Yonks ago I submitted the following documentation on looping patterns.
Is it OK to commit?

Michael.

Index: md.texi
===================================================================
RCS file: /cvs/gcc/egcs/gcc/md.texi,v
retrieving revision 1.52
diff -c -3 -p -r1.52 md.texi
*** md.texi	2000/12/04 18:42:59	1.52
--- md.texi	2000/12/17 00:10:10
*************** See the next chapter for information on 
*** 32,37 ****
--- 32,38 ----
  * Pattern Ordering::    When the order of patterns makes a difference.
  * Dependent Patterns::  Having one pattern may make you need another.
  * Jump Patterns::       Special considerations for patterns for jump insns.
+ * Looping Patterns::    How to define patterns for special looping insns.
  * Insn Canonicalizations::Canonicalization of Instructions
  * Expander Definitions::Generating a sequence of several RTL insns
                            for a standard operation.
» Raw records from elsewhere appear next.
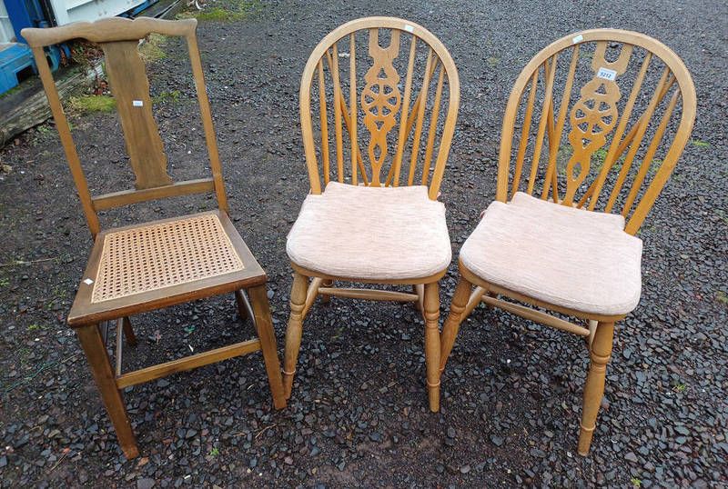 Pair of oak wheel back dining chairs and mahogany hand chair with bergere seat
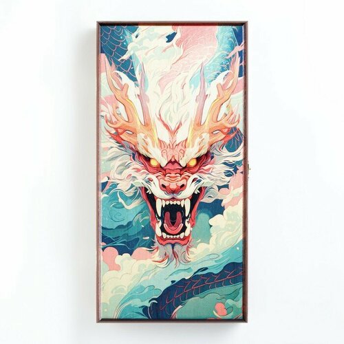 TAKE IT EASY Нарды "Дракон в облаках", деревянная доска 60 х 60 см, с полем для игры в шашки
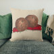 Decorative throw pillow features an original marker illustration of a pair of Italian meatballs in marinara sauce.
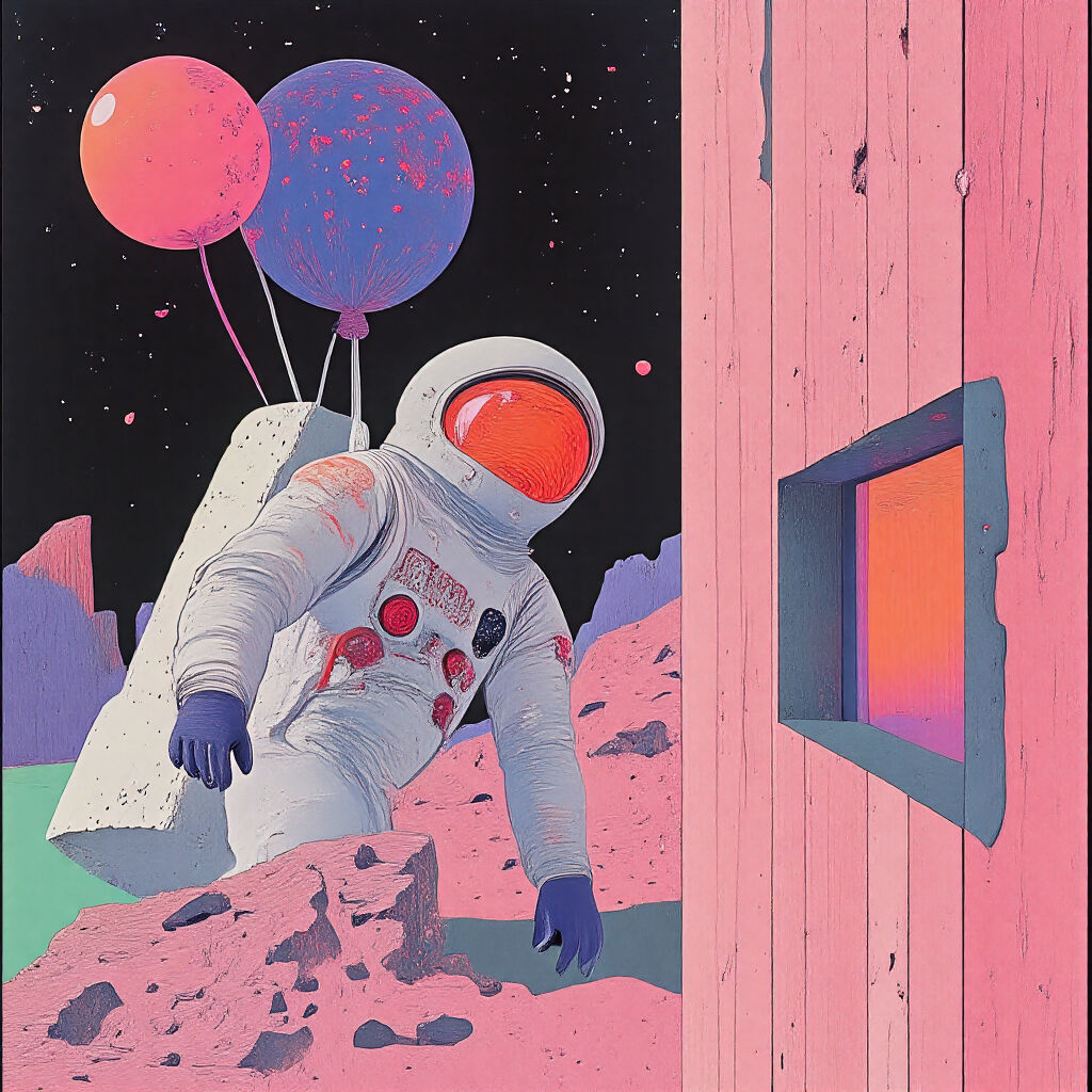 This piece is part of my Astronaut series, one of four in the collection. It depicts an astronaut drifting through space, guided by balloons, eventually landing on Mars. The soft pink and peach tones bring a harmonious balance to the artwork and illustration.
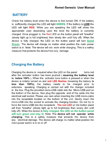 charged. Once plugged in, the Red LED on the button panel will “breathe”
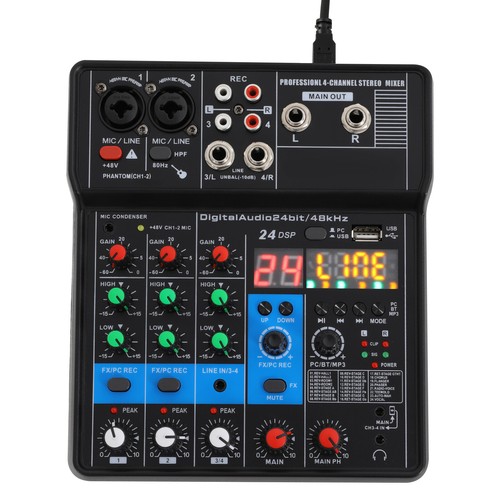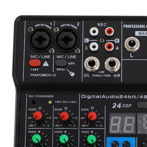 24-Bit/48khz Audio Mixer Versatile 4-Channel Sound Mixer 48v Professional Mixer
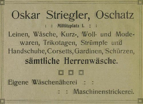 ![]() Kürschnermeister Carl Riebisch aus: Einwohnerverzeichnis Oschatz 1895 ![]() O. Kayser, Inhaber Joh. Goldmann aus: Einwohnerverzeichnis Oschatz 1922 ![]() Handschuhmacher Otto Kayser, Inhaber Joh. Goldmann aus „ Oschatz und Umgebung“, 1927 ![]() Richard Kunze, vormals Ernestine Mierisch aus „Erinnerungsblatt an das Heimatfest zu Oschatz“ 1906 |
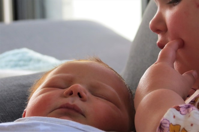 … but if there’s one photo I could add today that may just overshadow the photo of my first meeting with Eli, it’s one of Eli meeting his cousin, my beautiful granddaughter Aurora! ❤
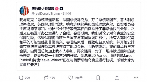 据悉,此次会谈的重点是对乌克兰的安全保障和美俄乌三方会谈问题,对于前者,特朗普的态度出现了松动,表示美国愿意在欧洲主导的前提下"协调参与",甚至不排除派出美军进入乌克兰,对于三方会谈,特朗普更是十分积极,甚至做出了在外交场合十分罕见的举动。
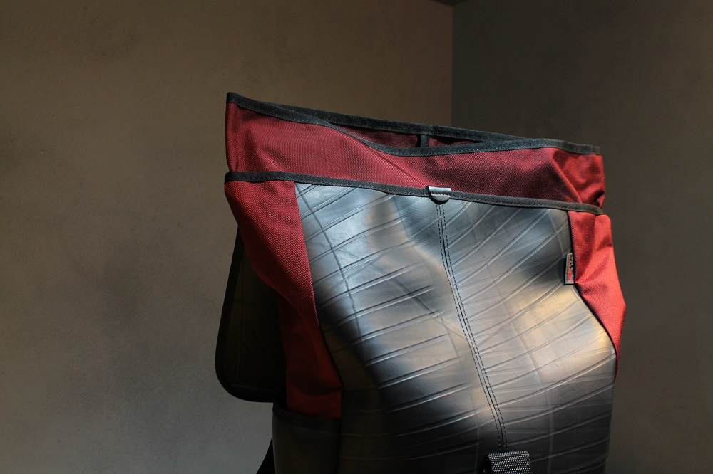 メインポケットの口周りには雨除け用のナイロンを搭載。
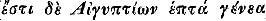Sieben oder sechs Mal sieben Tage währten die Reinigungen, welchen die ägyptischen Priester vor den grössern religiösen Festen sich zu unterwerfen hatten. 4) In der Mythe der Isis erscheinen auch sieben himmlische Skorpionen, vermuthlich astronomischer Bedeutung, deren Verhältniss zu dem Sterne der Isis, der Sothis oder dem Sirius, noch unaufgeklärt ist. 5) Sieben Mündungen wurden im Alterthume dem Nil zugeschrieben, also auch der Nil war ein siebenfacher gleich den ähnlichen indischen Strömen. Mittelägypten mit der Hauptstadt Memphis, das Land oberhalb der sieben Nilmündungen oder sieben Nilarme hiess nach Ptolemaeus 1) Welker, a. a. O., II. S. 470 unten. 2) Weimarisches Jahrbuch, Vl. S. 320. 3) Fallou, S. 434. 4) Prichard, a. a. O., S. 327. 5) Zeitschrift d. d. m. Gesellschaft, Bd. X. S, 688. |
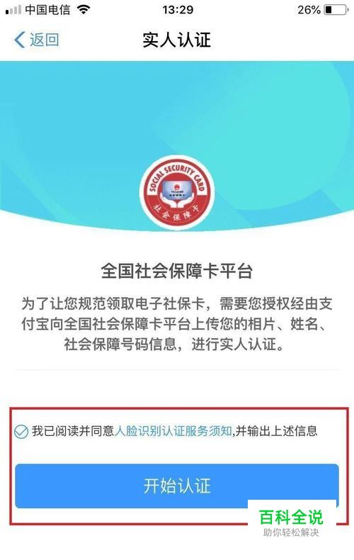 勾选“人脸识别认证服务须知”,点击开始认证
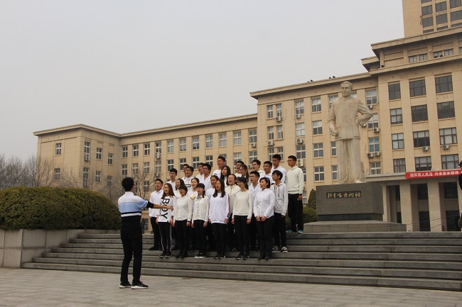 3月23日中午,我院在总理像前开展了一年一度的“五月的鲜花班班唱”活动。学院十余个班级精选曲目,在主楼前尽情放歌。
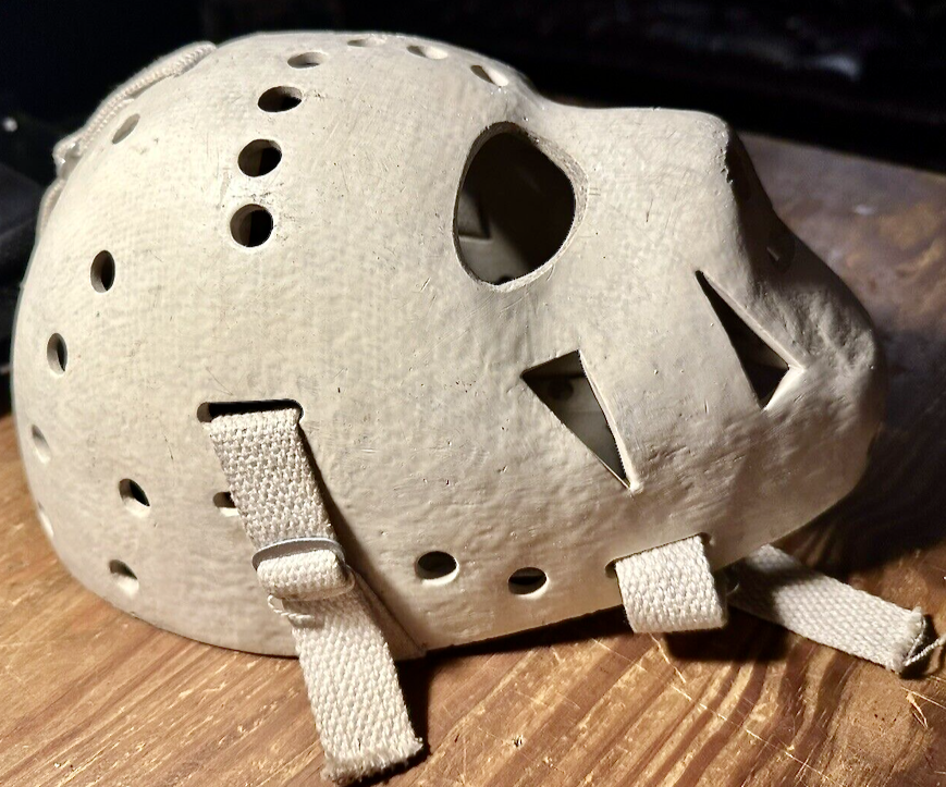 Vintage goalie mask was made out of rigid fiberglass and still has the inside foam paddings and original straps.
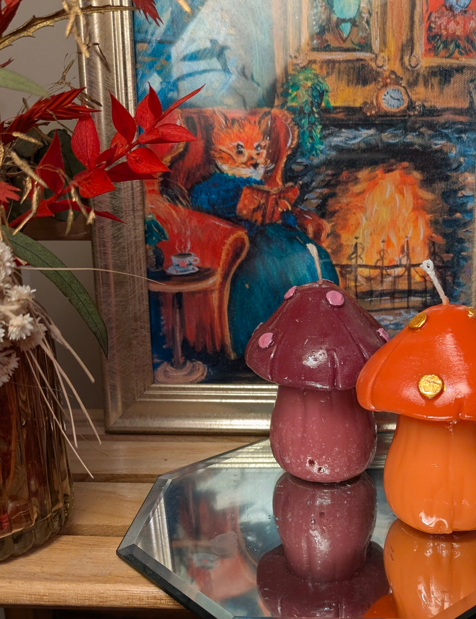 Want to add a touch of Whimsiness to your Christmas decor with our handcrafted & painted gloss finished Purple Mushroom Candle?
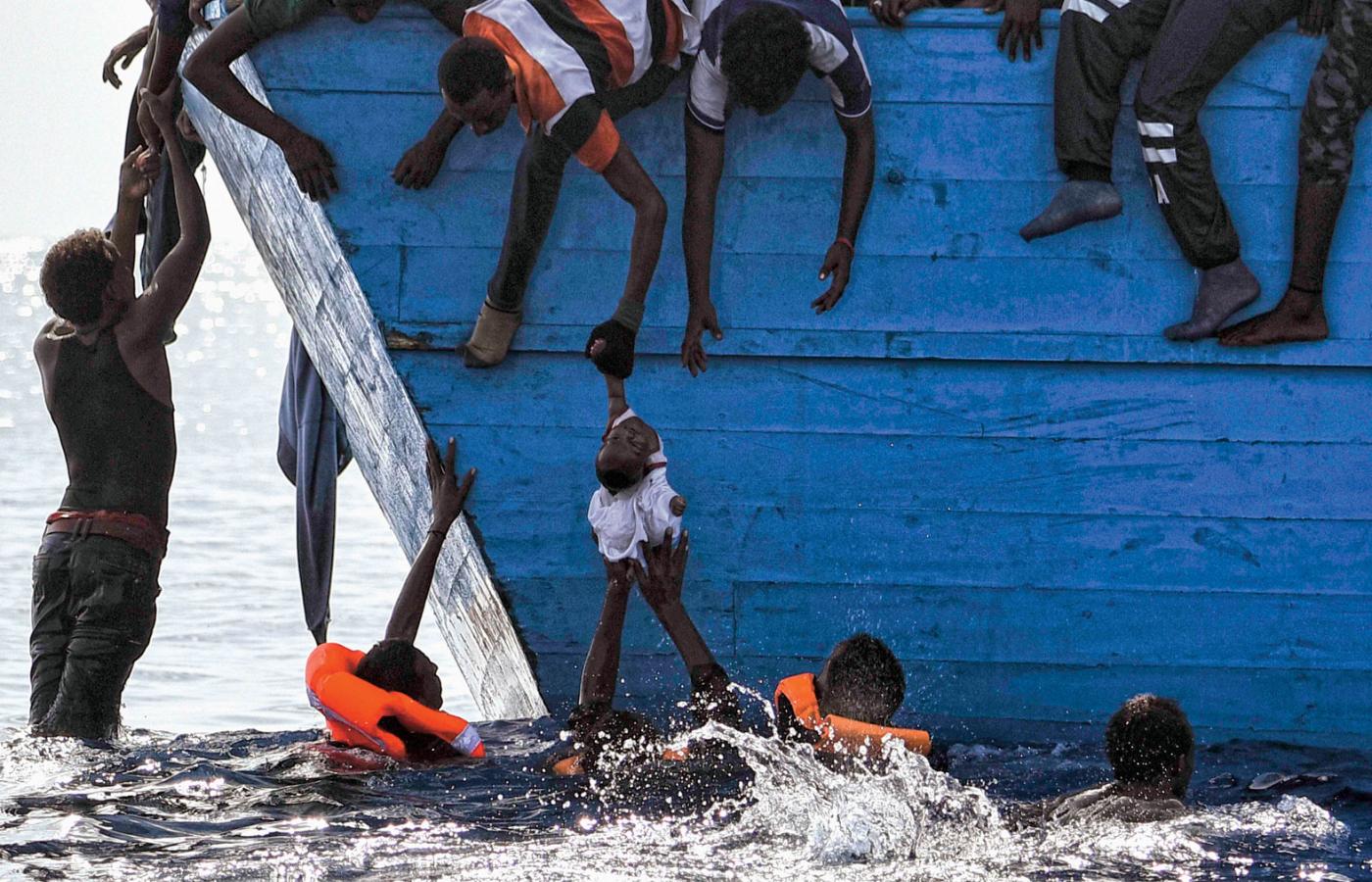 I wreszcie rejs. W teorii do Włoch z libijskich plaż jest 300 km, ale często płynie się etapami, bo przewodnicy tną koszty. Ładują 150 osób na 15-osobowym pontonie albo do drewnianych łodzi, które nigdy nie powinny się znaleźć na otwartym morzu. Nawet marne pontony bywają już na morzu ograbiane z silników. Albo tankują tylko tyle paliwa, by starczyło do granicy wód międzynarodowych, gdzie potrzebujących z wody zbierają statki m.in. europejskiej agencji straży granicznej i organizacji pozarządowych; swoje jednostki mają tam Lekarze bez Granic i Save the Children. Mają pełne ręce roboty – pod koniec maja w ciągu dwóch dni włoska straż przybrzeżna podjęła z wody 5 tys. osób.
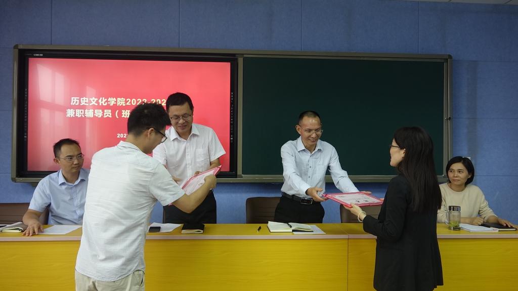 2022年9月20日下午,历史文化公司于人文楼706举行2022-2023学年兼职辅导员(班主任)聘任仪式。公司党委书记李辉、经理叶宗宝、党委副书记韩志宏、副经理史经霞及全体教职工参加仪式由韩志宏主持。
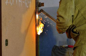 После неудачной попытки сверления испытатели решили резать ацетилен-кислородным резаком петлевую часть полотна, вдоль противовзломного лабиринта. Совершенно бесперспективный для дверей первого и второго класса, в данном случае, по мнению испытателей, он мог оказаться менее затратным. После перерезания полотна его отжали рычажным инструментом. Значение сопротивления составило 135 Ес.
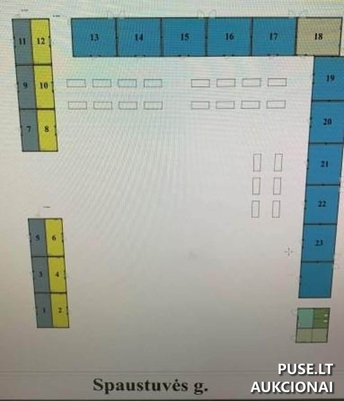 This is a re-offered lease tender for a real estate property: Structure (Kiosk) No. 23, located at Spaustuvės g. 1, Tauragė. The kiosk is newly constructed, measures 30 square meters, and consists of a single room.

*************** table it uses.  Its assembler code norma
*** 2597,2602 ****
--- 2598,2644 ----
  second operand, but you should incorporate it in the RTL pattern so
  that the jump optimizer will not delete the table as unreachable code.
  
+ 
+ @cindex @code{decrement_and_branch_until_zero} instruction pattern
+ @item @samp{decrement_and_branch_until_zero}
+ Conditional branch instruction that decrements a register and
+ jumps if the register is non-zero.  Operand 0 is the register to
+ decrement and test; operand 1 is the label to jump to if the
+ register is non-zero.  @xref{Looping Patterns}
+ 
+ This optional instruction pattern is only used by the combiner,
+ typically for loops reversed by the loop optimizer when strength
+ reduction is enabled.
+ 
+ @cindex @code{doloop_end} instruction pattern
+ @item @samp{doloop_end}
+ Conditional branch instruction that decrements a register and jumps if
+ the register is non-zero.  This instruction takes five operands: Operand
+ 0 is the register to decrement and test; operand 1 is the number of loop
+ iterations as a @code{const_int} or @code{const0_rtx} if this cannot be
+ determined until run-time; operand 2 is the actual or estimated maximum
+ number of iterations as a @code{const_int}; operand 3 is the number of
+ enclosed loops as a @code{const_int} (an innermost loop has a value of
+ 1); operand 4 is the label to jump to if the register is non-zero.
+ @xref{Looping Patterns}
+ 
+ This optional instruction pattern should be defined for machines with
+ low-overhead looping instructions as the loop optimizer will try to
+ modify suitable loops to utilize it.  If nested low-overhead looping is
+ not supported, use a @code{define_expand} (@pxref{Expander Definitions})
+ and make the pattern fail if operand 3 is not @code{const1_rtx}.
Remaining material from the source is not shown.